Теперь гнием в темнице дня,
уже забыв про кровь и слезы…—
но все-таки пел гимн вместе с теми, кто поливал саженец кипятком;
О Литва, отчизна наша,
Родина героев!
Дух сынов твоих отважных
Укрепит былое…
Я еще верил в историческую справедливость. Вильнюс мы признали за Польшей, Клайпеду отдали немцам… Государственный муж с холеной бородкой и усами торчком за какой-нибудь час отрекся от принципов, которыми двадцать два года кормил свой народ. Река времени смоет его предательство, очистит от двуличия, предаст забвению его родню, для которой он сделал куда больше, чем для своего народа, и какой-нибудь учителишка истории годы спустя скажет ученикам: «Он был первым президентом нашего государства, он занимал одно из самых почетных мест в период национального возрождения».

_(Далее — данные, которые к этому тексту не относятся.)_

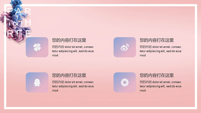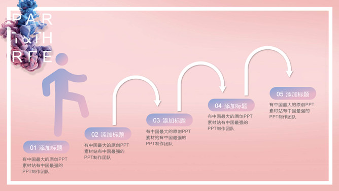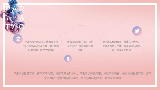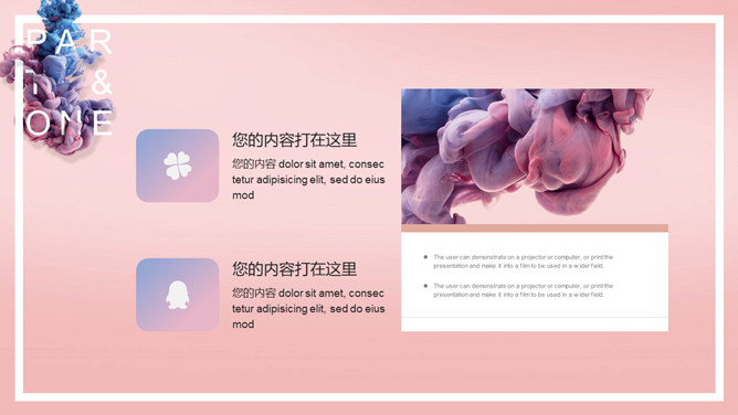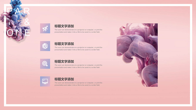 模板简介:该模板名称为【时尚艺术创意烟雾PPT模板整套素材免费下载】,大小是1.08MB,文档格式为.PPTX,推荐使用Microsoft PPT/WPS打开,作品中的图片,文字等数据均可修改,图片请在作品中选中图片替换即可,文字修改直接点击文字修改即可,您也可以新增或修改作品中的内容,该模板来自用户分享,如有侵权行为请联系网站客服处理。欢迎来懒人模板【企业宣传】栏目查找您需要的精美模板。
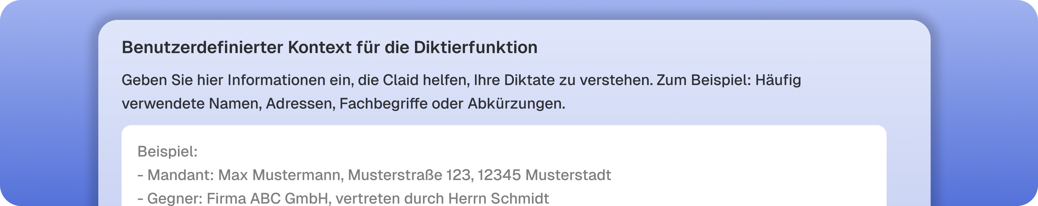 Diktieren Sie dort, wo Sie arbeiten – in Word, E-Mail, Browser und Fachsoftware. Claid Dictate ist für den Kanzleialltag konzipiert und setzt auf Zuverlässigkeit, Tempo und Vertraulichkeit.
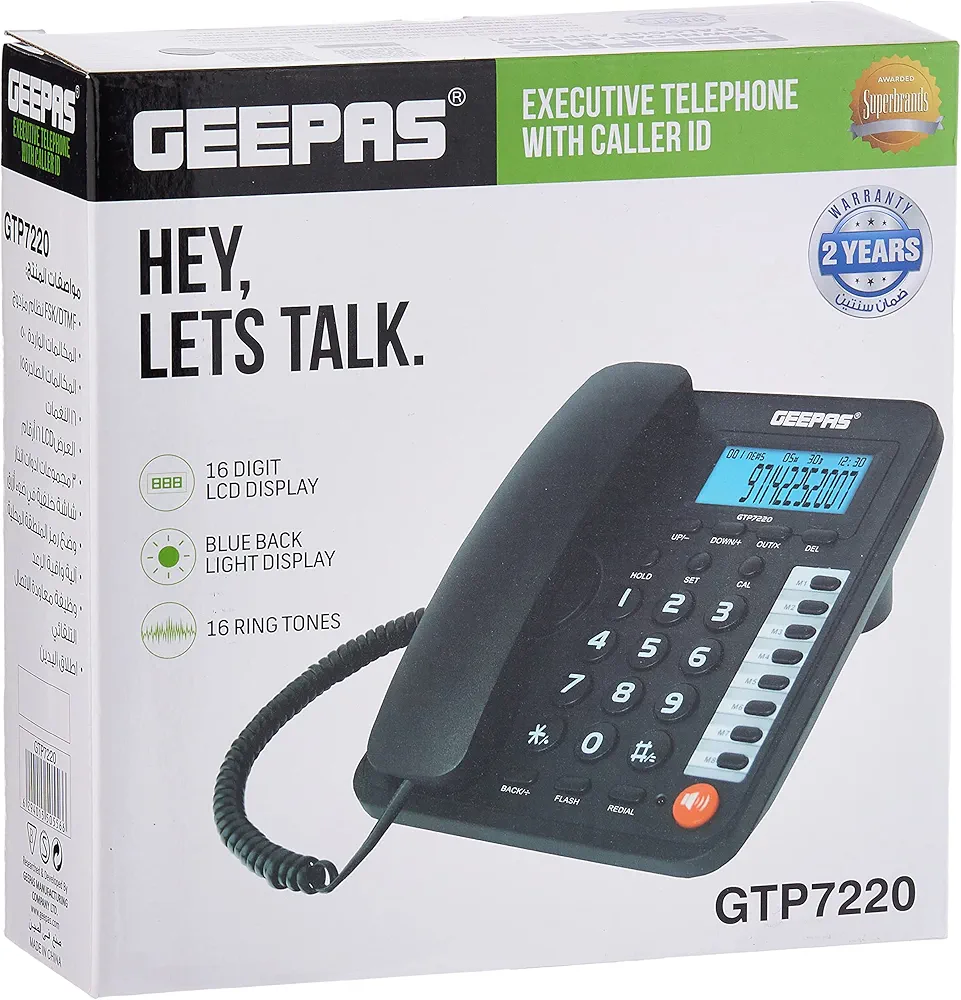 تلفن اجرایی Geepas با شناسه تماس گیرنده کیفیت ساخت جامد و طراحی کلاسیک| عملکرد هندزفری و شماره گیری مجدد خودکار| GTP7220
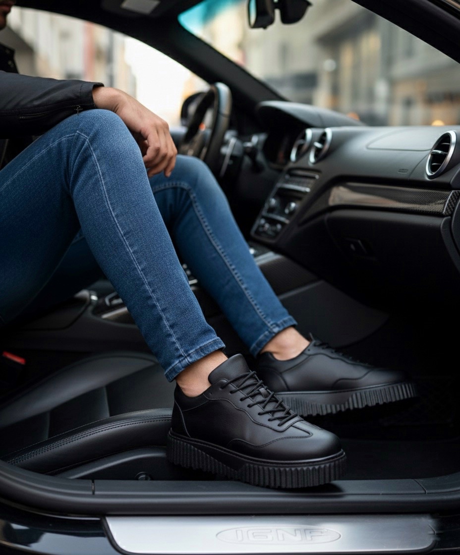 MirgeShoes Siyah Erkek Günlük Comfort Ayakkabı Tırtıklı Yüksek Kalın SYH Taban MRG010603120
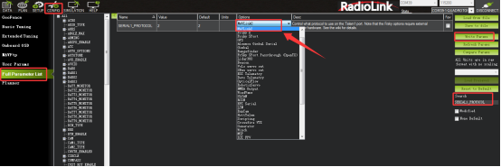② Enter Software Config -- Full Parameter List, then search for “SERIAL1_PROTOCOL”, and change the va lue to “5”.
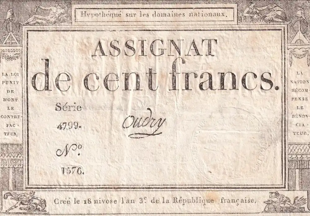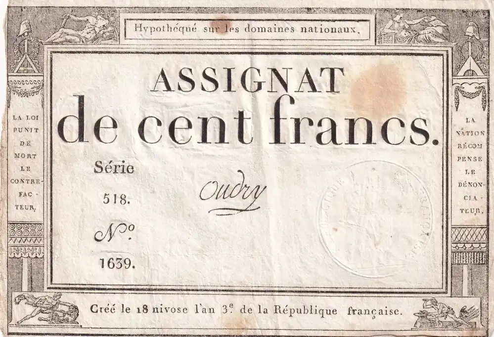 Billet France 100 Francs – 18 Nivose An III – (07.01.1795) – Sign. Oudry – Série 518 – L.173 Authentique
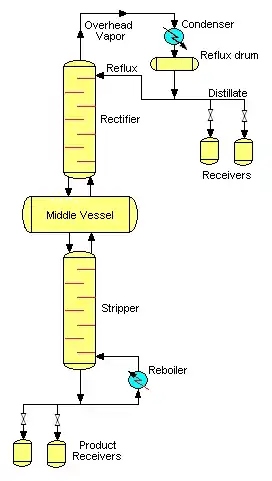 A third feasible batch column configuration is the middle vessel column. The middle vessel column consists of both a rectifying and a stripping section and the charge pot is located at the middle of the column.
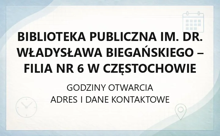 Biblioteka Publiczna im. dr. Władysława Biegańskiego - Filia nr 6 w Częstochowie - kontakt, godziny, informacje
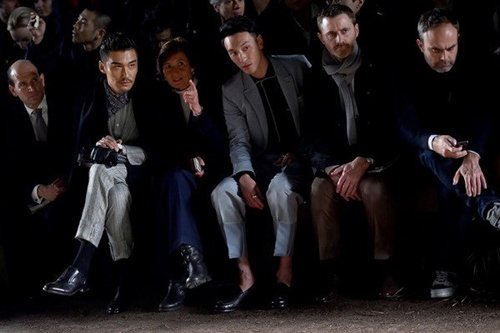 Hai vị khách mời danh dự cùng chủ tịch nhà mốt Ermenegildo Zegna ngồi hàng ghế đầu trong buổi diễn ra mắt bộ sưu tập Thu Đông 2015-2016 dành cho nam giới. (Nguồn ảnh: Ermenegildo Zegna)
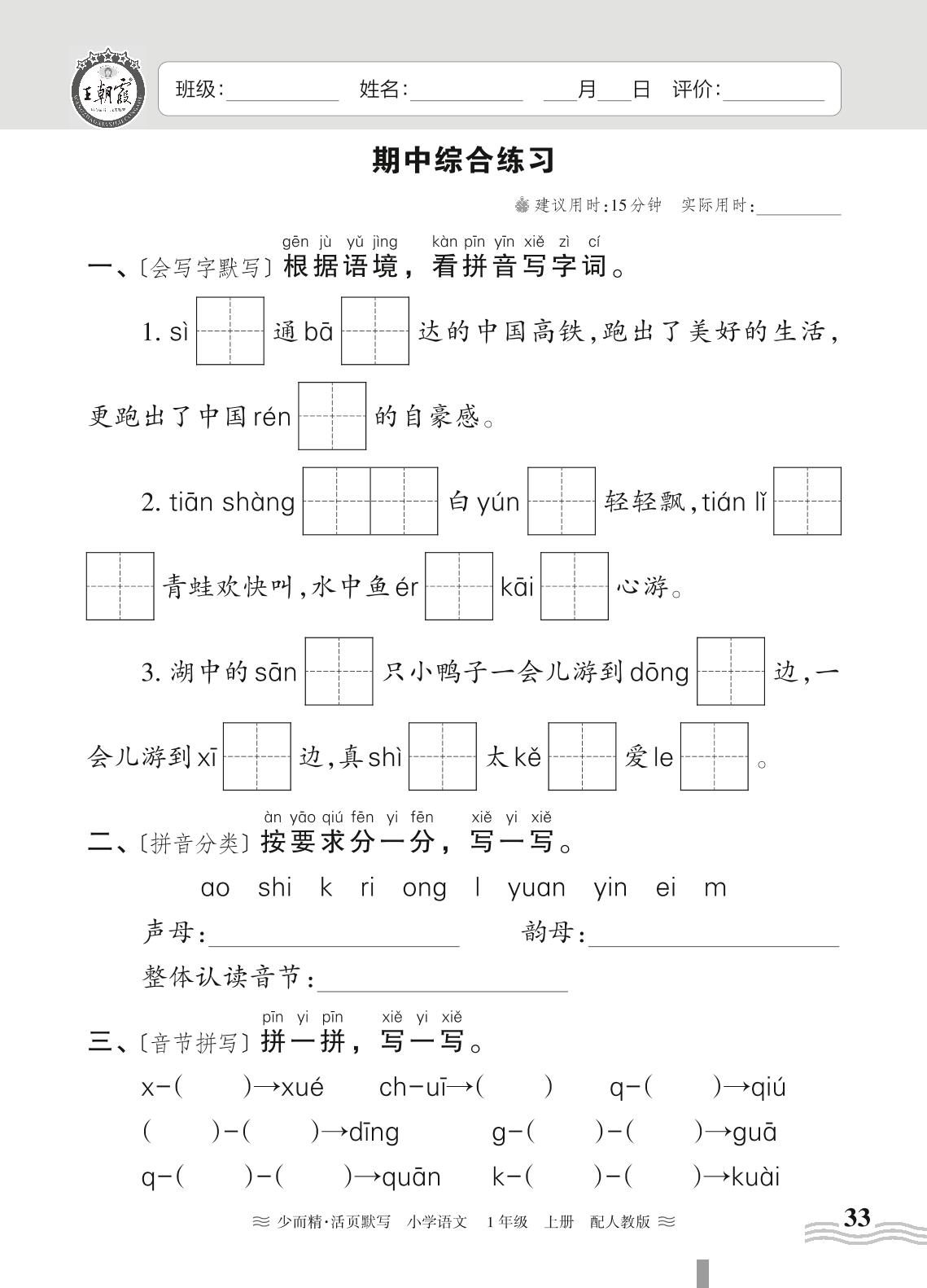 2023上册一年级语文人教版 期中综合练习(默写专练)
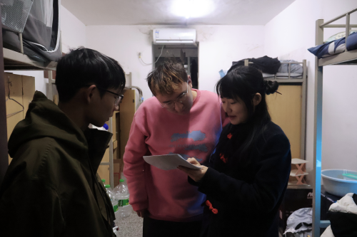 本网讯(记者 白彩凤(见习)/文 管星宇(见习)/图)12 月 25 日,我院组织全体班主任深入学生宿舍开展查寝活动,旨在全面了解学生生活状况,切实保障学生安全,维护校园和谐稳定。我院党委副书记李御娇,学生科全体老师以及我院全体班主任参与此次活动。王悦老师为学生答疑解惑学院领导与班主任们...
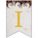 Ein Blumenbündel Fahnen-Banner passt für eine Hochzeit, mit den anpassbaren Namen der Braut und Bräutigam, vereint von &. Es gibt 16 Flaggen, genug für 7 Buchstaben und 8 Buchstaben. Die Standardnamen sind "Danielle & Michael". Goldene Kappen auf weißem Marmorboden mit bordeauxroten und weißen Pfannkugeln an der oberen Grenze. Die Vintagen Pfarrgemeinden an der oberen Grenze werden vom Maler und Botaniker Pierre-Joseph Redouté (1759-1840) gemalt und befinden sich nun im öffentlichen Bereich.
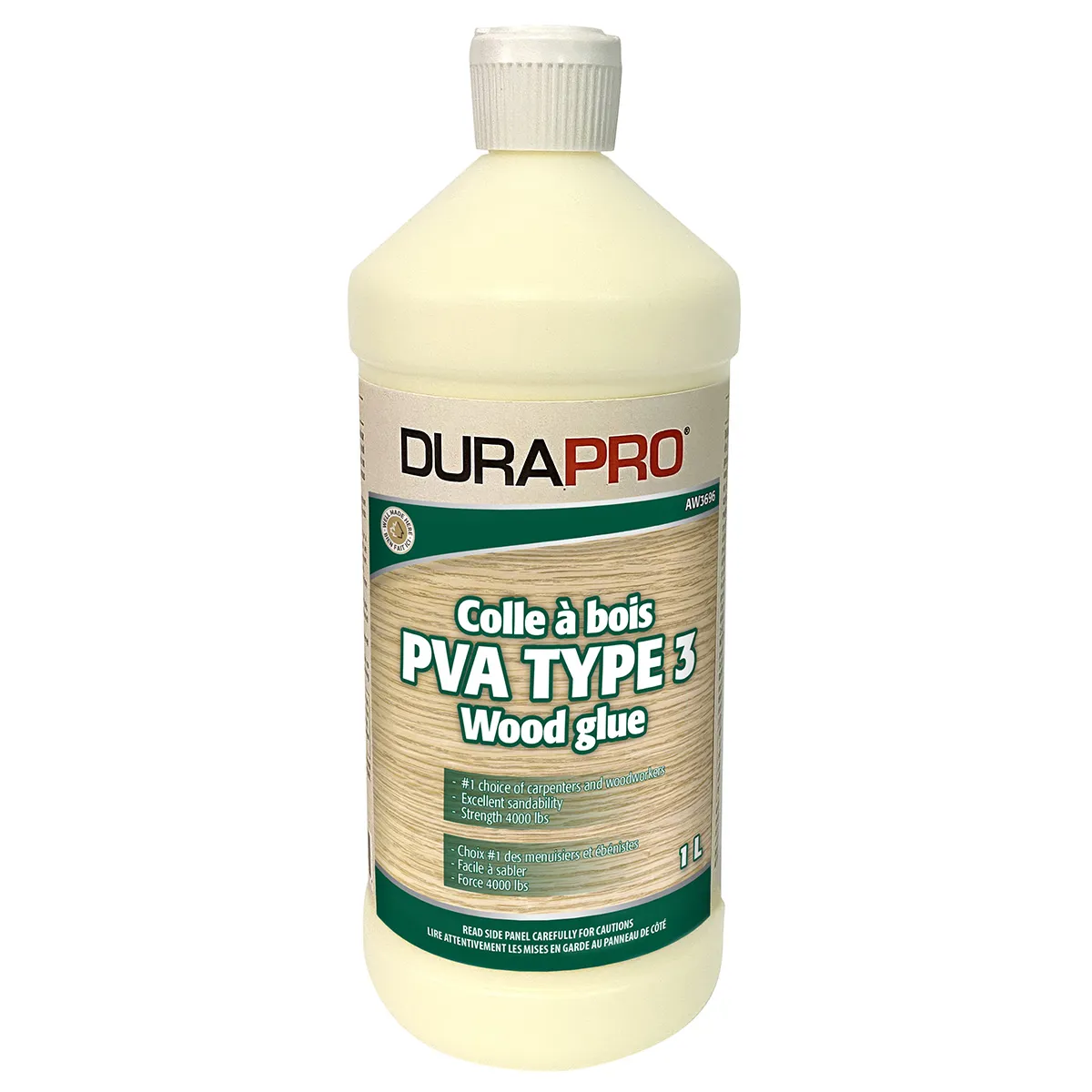 DURAPRO AW3696 is a polyvinyl acetate based adhesive designed for cabinets; furniture; carpentry work and other indoor wood gluing projects. It has an excellent initial grip and reduced slip during assembly. Forms strong bonds on hardwood; softwood; plywood; natural wood composites; MDF; cardboard and other porous materials.

Из памяти истории изгладятся баукусы, адомасы, бугянисы – черви, которыми кишит теперь часть тела, парализованная фашизмом, а его, занесшего сюда эту заразу, тоже внесут в книгу прошлого. «При Гитлере германская империя достигла вершины своего могущества», – отметит немецкий историк, а далекий коллега в какой-нибудь Баварии с профессиональным удовольствием поставит ученику высший балл за точный ответ о государственных границах Германии 1942–1943 годов. Сито времени просеет скелеты жертв; будут забыты миллионы несчастных судеб; останутся лишь мертвые цифры (столько-то погибло или уничтожено), математически точные даты (произошло это тогда-то), хладнокровно отмеченный факт, воспевающий личность, – ведь историк отдает дань не сыну, убитому Иваном Грозным, не мужику-строителю, на костях которого вырос Санкт-Петербург, а самому Ивану Грозному и самому Петру Первому, кровушкой народной цементировавшим мощь державы. Историческая истина… (Ха-ха-ха!) Универсальный сапог, который без труда подгоняют под свою ногу. Жалкие пропагандисты мертвого прошлого! Ловим блох в саване, оперируем столетиями, забывая, что самим нам надо прожить ничтожный отрезок времени, что каждый из нас – своя земля, своя нация и своя держава, каждый создает собственную историю, и что в жизни человека важнее всего честно прожить день, чтобы вечером сказать себе: «Сегодня я тобой доволен, друг». Задумался ли над этим хоть один из сорока четырех гимназистов, склонивших сейчас над тетрадями головы, набитые историческим хламом? «Мое счастье – в моей честности». Куда уж там! Они скорей скажут: «Мое счастье – в рассеянности моего учителя, так мне легче его обмануть».
Гедиминас вычеркнул две последних строфы стихотворения и встал. Стертые половицы предательски заскрипели под ногами. Класс замер, опасаясь, что слишком много себе позволил за эти четверть часа, пока учитель, как обычно на письменной работе, блуждал в лабиринтах своих мыслей. Математик Баукус как-то жаловался: нет хуже шестого класса – только тронешься с места, а половицы уже заиграли, как орган, предупреждая списывающих. У старика есть слабость подкрадываться на цыпочках к недобросовестному ученику и хватать его за шиворот. «Какой в этом смысл? – вспомнив, подумал Гедиминас. – Если б я больше ленился, а мои учителя меньше усердствовали, может, не понадобилось бы двадцати восьми лет, чтоб понять несостоятельность всего, чем жил до сих пор. Горы прочитанных книг, гимназия, три курса университета, надежды родителей, самолюбие… Цепочка несуразиц, которой я постепенно опутывал себя, думая, что освобождаюсь. Интеллигенция – цвет нации… Ха! Рабы политической системы – вот кто мы; сами выстроили тюрьму, заперлись в ней и выбросили ключ в окно. Если в обществе кто-то и свободен, то только землепашец; лишь он, не поступаясь своей совестью, выполняет священную миссию – кормит человечество».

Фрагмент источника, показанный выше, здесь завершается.